Available records
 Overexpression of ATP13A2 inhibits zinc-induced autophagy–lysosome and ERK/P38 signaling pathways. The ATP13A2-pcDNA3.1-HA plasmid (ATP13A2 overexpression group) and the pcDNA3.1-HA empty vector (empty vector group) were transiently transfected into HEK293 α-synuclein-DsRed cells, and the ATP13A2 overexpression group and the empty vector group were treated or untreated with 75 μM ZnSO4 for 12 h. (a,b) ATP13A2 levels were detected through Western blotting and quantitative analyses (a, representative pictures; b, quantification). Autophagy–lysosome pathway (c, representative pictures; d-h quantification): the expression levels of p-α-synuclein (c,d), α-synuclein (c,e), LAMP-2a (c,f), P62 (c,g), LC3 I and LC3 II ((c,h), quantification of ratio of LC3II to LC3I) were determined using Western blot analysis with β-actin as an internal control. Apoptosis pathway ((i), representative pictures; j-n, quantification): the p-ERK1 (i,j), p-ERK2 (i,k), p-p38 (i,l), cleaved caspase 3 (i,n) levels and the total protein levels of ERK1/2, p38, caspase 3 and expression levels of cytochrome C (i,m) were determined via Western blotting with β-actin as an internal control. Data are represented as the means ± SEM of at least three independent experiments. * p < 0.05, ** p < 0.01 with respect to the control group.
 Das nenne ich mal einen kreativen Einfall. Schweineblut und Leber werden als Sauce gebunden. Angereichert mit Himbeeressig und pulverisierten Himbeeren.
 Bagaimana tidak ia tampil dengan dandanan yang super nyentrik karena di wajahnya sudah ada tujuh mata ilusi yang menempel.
* * *
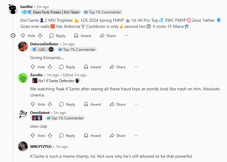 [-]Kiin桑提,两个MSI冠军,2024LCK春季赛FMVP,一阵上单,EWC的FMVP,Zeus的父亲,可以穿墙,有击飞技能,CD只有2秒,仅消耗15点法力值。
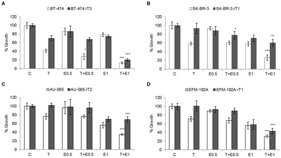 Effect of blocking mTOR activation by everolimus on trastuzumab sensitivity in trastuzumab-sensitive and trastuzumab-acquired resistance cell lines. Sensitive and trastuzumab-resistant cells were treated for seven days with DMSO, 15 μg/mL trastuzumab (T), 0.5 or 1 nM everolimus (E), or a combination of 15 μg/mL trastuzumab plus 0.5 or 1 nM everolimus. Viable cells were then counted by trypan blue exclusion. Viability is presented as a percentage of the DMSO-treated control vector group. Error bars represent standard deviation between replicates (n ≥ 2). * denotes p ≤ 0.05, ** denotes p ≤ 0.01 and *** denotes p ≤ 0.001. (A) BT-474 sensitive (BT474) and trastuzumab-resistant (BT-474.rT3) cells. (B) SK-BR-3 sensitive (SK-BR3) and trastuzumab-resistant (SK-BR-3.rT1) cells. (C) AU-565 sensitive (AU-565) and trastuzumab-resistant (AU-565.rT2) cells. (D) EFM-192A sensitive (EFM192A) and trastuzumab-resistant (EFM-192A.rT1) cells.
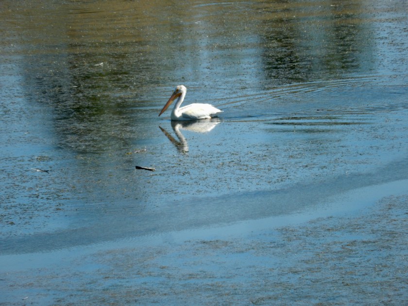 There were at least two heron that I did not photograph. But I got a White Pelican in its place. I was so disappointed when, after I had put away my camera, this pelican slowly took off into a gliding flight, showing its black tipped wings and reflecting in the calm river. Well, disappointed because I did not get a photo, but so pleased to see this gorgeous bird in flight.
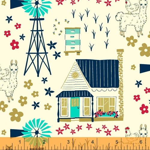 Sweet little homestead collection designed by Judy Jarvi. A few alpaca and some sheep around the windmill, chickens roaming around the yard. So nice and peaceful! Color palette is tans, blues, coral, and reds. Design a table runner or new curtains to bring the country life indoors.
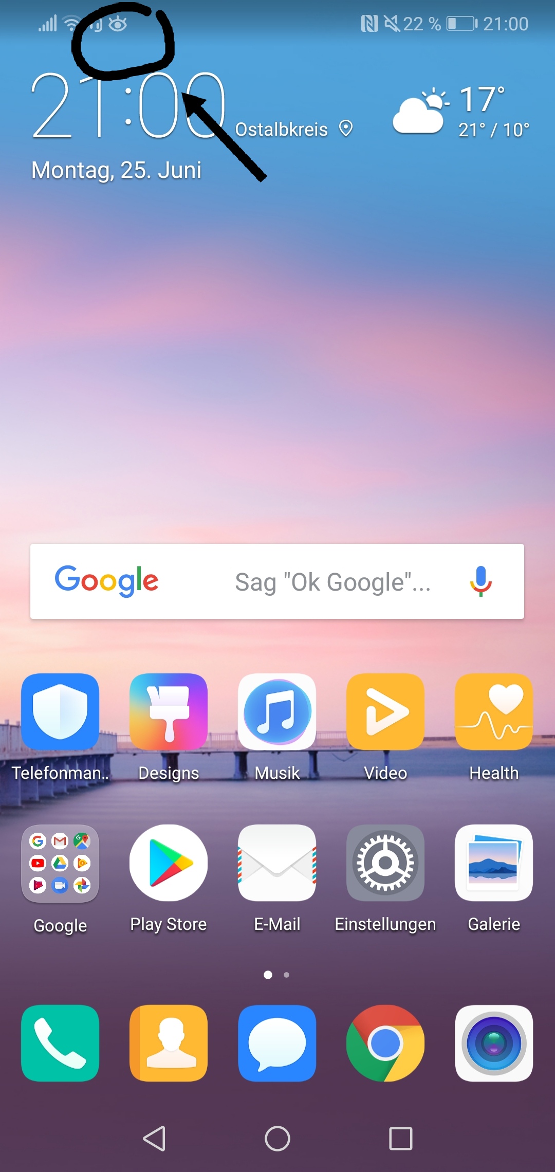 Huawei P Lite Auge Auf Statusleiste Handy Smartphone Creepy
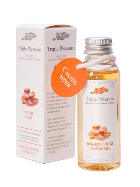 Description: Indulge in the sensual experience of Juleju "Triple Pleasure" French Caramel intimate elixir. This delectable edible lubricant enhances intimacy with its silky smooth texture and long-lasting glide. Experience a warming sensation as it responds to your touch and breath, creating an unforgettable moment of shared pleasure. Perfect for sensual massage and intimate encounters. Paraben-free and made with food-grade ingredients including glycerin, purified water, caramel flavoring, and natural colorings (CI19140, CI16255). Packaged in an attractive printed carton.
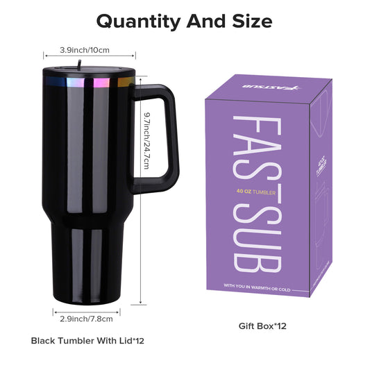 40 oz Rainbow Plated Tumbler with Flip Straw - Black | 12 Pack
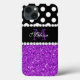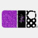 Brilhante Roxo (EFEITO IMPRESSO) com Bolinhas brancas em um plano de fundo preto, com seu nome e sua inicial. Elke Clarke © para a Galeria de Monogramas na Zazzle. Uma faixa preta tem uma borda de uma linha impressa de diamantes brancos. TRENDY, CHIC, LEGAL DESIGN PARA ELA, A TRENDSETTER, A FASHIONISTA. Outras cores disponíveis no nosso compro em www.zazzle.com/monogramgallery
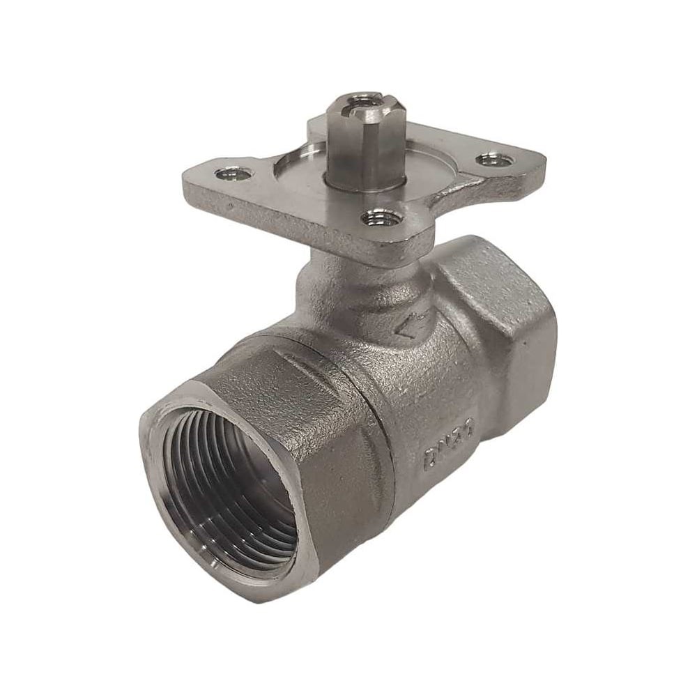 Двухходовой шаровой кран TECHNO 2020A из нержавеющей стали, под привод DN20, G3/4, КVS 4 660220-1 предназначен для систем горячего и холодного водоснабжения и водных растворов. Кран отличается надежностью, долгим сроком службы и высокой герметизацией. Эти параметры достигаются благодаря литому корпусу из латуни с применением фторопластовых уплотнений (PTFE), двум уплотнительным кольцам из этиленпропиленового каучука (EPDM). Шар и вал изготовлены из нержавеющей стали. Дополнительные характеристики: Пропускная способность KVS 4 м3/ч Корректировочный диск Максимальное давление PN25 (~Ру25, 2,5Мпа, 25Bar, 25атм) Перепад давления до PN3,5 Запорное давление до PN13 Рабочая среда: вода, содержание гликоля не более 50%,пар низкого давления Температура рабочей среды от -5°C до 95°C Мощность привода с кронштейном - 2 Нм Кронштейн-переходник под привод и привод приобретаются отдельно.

Exercise aim
Print from the line containing "40 oz Rainbow" through the line containing "Brilhante Roxo (EFEITO" in the data above, exactly as the lines stand, and omit every picture.

Result of the exercise
 40 oz Rainbow Plated Tumbler with Flip Straw - Black | 12 Pack
 Brilhante Roxo (EFEITO IMPRESSO) com Bolinhas brancas em um plano de fundo preto, com seu nome e sua inicial. Elke Clarke © para a Galeria de Monogramas na Zazzle. Uma faixa preta tem uma borda de uma linha impressa de diamantes brancos. TRENDY, CHIC, LEGAL DESIGN PARA ELA, A TRENDSETTER, A FASHIONISTA. Outras cores disponíveis no nosso compro em www.zazzle.com/monogramgallery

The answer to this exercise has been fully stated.